╭─ Data shown
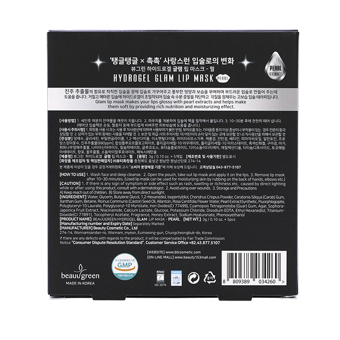 BEAUUGREEN Hydrogel Glam Lip Mask Pearl Premium brightening lip mask treatment designed for targeting dark/uneven lips seeking brightening and rosy effects. Formulated with powerful hero ingredients including Pearl Extract for luminous brightening, Niacinamide for even tone, Sodium Hyaluronate for deep hydration, and Vitamin E for antioxidant protection. Enhanced with luxurious natural ingredients featuring nourishing Honey Extract, moisturizing Castor Seed Oil, and soothing Rosa Centifolia Flower Water. This innovative brightening lip treatment effectively lightens dark pigmentation while delivering intensive moisture and repair. Easy-to-use formula perfect for achieving radiant, even-toned lips with professional results at home.
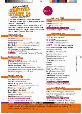 FESTIVAL START 14Le Festival qui laisse la possibilité aux Jeunes Parisiens du 14ème de s'exprimer artistiquement.
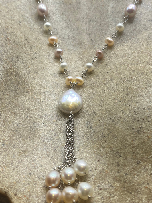 Vintage Pink Pearl 16- 18 inch Y Necklace
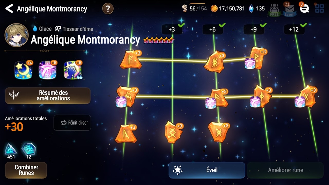 Pour améliorer un héros évolué, il faudra améliorer son arbre de compétence avec les 3 différents types de runes selon son éléments : 415 runes majeures et 40 runes épiques seront nécessaires.
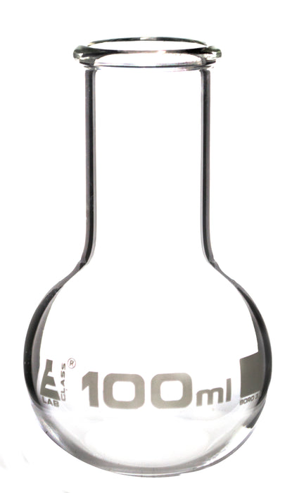 This premium flat-bottom, wide-neck boiling flask is made of heavy-duty Borosilicate 3.3 glass and has a capacity of 100mL. The flat bottom design allows it to be placed securely on tables or other surfaces. Please note that this flask is not intended for measuring purposes, as it does not feature graduations. A stopper is not included with the item. Eisco Labs' Borosilicate glass boasts impressive heat tolerances: a strain point of 515°C, an annealing point of 565°C, and a softening point of 820°C.
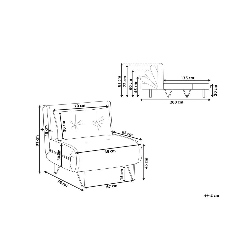 Belangrijkste eigenschappen: Zeer gemakkelijk te veranderen in een bed, Rugleuning in 5 posities verstelbaar, Retro Stijl, Elegant accentstuk, Versiert met knoopdetails, Zijdezacht, fluwelen stof, Verwijderbare kussenhoezen, Verstelbare rugleuning
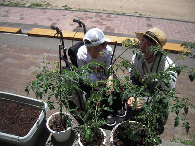 枯れてしまった葉っぱをはさみを使って切りとり、野菜のお世話をしています。
╰─
Transcribe each entry exactly; images stay out.

 BEAUUGREEN Hydrogel Glam Lip Mask Pearl Premium brightening lip mask treatment designed for targeting dark/uneven lips seeking brightening and rosy effects. Formulated with powerful hero ingredients including Pearl Extract for luminous brightening, Niacinamide for even tone, Sodium Hyaluronate for deep hydration, and Vitamin E for antioxidant protection. Enhanced with luxurious natural ingredients featuring nourishing Honey Extract, moisturizing Castor Seed Oil, and soothing Rosa Centifolia Flower Water. This innovative brightening lip treatment effectively lightens dark pigmentation while delivering intensive moisture and repair. Easy-to-use formula perfect for achieving radiant, even-toned lips with professional results at home.
 FESTIVAL START 14Le Festival qui laisse la possibilité aux Jeunes Parisiens du 14ème de s'exprimer artistiquement.
 Vintage Pink Pearl 16- 18 inch Y Necklace
 Pour améliorer un héros évolué, il faudra améliorer son arbre de compétence avec les 3 différents types de runes selon son éléments : 415 runes majeures et 40 runes épiques seront nécessaires.
 This premium flat-bottom, wide-neck boiling flask is made of heavy-duty Borosilicate 3.3 glass and has a capacity of 100mL. The flat bottom design allows it to be placed securely on tables or other surfaces. Please note that this flask is not intended for measuring purposes, as it does not feature graduations. A stopper is not included with the item. Eisco Labs' Borosilicate glass boasts impressive heat tolerances: a strain point of 515°C, an annealing point of 565°C, and a softening point of 820°C.
 Belangrijkste eigenschappen: Zeer gemakkelijk te veranderen in een bed, Rugleuning in 5 posities verstelbaar, Retro Stijl, Elegant accentstuk, Versiert met knoopdetails, Zijdezacht, fluwelen stof, Verwijderbare kussenhoezen, Verstelbare rugleuning
 枯れてしまった葉っぱをはさみを使って切りとり、野菜のお世話をしています。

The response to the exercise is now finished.